Despite recognizing when you are being sexually harassed, many scenarios might appear to be sexual harassment but are, in fact, not under California state law. To legally qualify as sexual harassment, the behavior in question must be serious enough to affect your work performance, create a hostile work environment, or change the conditions of your employment. The behavior cannot be minor or an isolated incident.
In a 2024 study by the Equal Employment Opportunity Commission (EEOC), it was determined that almost 1,500 cases of workplace discrimination in California that year were the direct result of a sex-related incident, including sexual harassment. If you are dealing with an incident of sexual harassment, you may be struggling with your mental health. Speaking to a local support group, like NAMI California or CalHOPE, may be beneficial to your situation.
To better distinguish sexual harassment from other behaviors that, while they may not be acceptable, are not considered sexual harassment under California state law, here are two examples of such behaviors. While some of these may be considered rude, inappropriate, or downright cruel, they may not be seen as sexual harassment under California’s FEHA:
While a sexually charged joke or off-color comment can certainly be offensive at the time, it may not be seen as sexual harassment if it was an isolated incident. It may be seen as trivial behavior that isn’t illegal misconduct. However, if such a joke or comment is then followed by references to a coworker’s sex or gender, that can create a hostile work environment and would be seen as sexual harassment.

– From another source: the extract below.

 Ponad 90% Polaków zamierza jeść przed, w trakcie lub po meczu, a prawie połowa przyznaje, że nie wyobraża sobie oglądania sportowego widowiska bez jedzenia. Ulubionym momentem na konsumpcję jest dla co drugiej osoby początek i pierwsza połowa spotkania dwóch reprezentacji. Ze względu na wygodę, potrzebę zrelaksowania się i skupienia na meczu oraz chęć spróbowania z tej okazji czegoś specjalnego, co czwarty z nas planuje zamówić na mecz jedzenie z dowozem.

For example, if someone were to compliment you on a shirt you were wearing, that wouldn’t be sexual harassment. If they were to compliment how your body looks in that shirt, then it would be sexual harassment.
When two parties participate in a situation that they both agreed to be a part of, the behavior is considered consensual. For example, when two coworkers start dating, certain suggestive remarks and behaviors would likely not be seen as sexual harassment if they were made between those two coworkers. If someone were to ask you out, it wouldn’t be sexual harassment. If they kept doing it after you said no, it would be sexual harassment.

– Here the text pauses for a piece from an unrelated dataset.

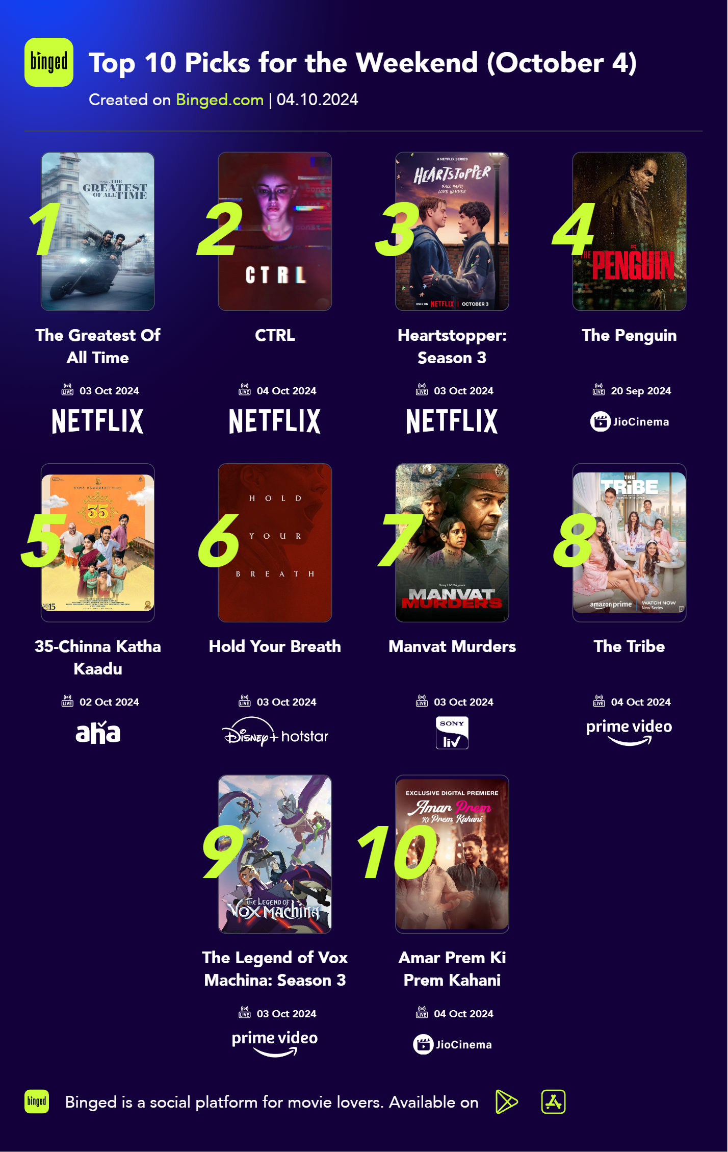 Top 10 Picks for the Weekend (October 4)

A: Many behaviors in the workplace may be seen as inappropriate or even offensive, but they are not considered sexual harassment. Simple teasing, offhand comments, and certain isolated incidents will most likely not be seen as sexual harassment under California state law. Depending on certain situations, such as two coworkers dating, behaviors that would be seen as harassment if they were against others may not be seen as harassment by those consenting adults.
A: There are numerous examples of situations that are not considered workplace harassment. One such example would be an employer implementing a new dress code in the workplace. While you may feel like the dress code is targeting you specifically, that may not be the case. Another example is disciplinary action as a result of your own actions. This is likely your employer trying to make sure you are held accountable, not harassing you.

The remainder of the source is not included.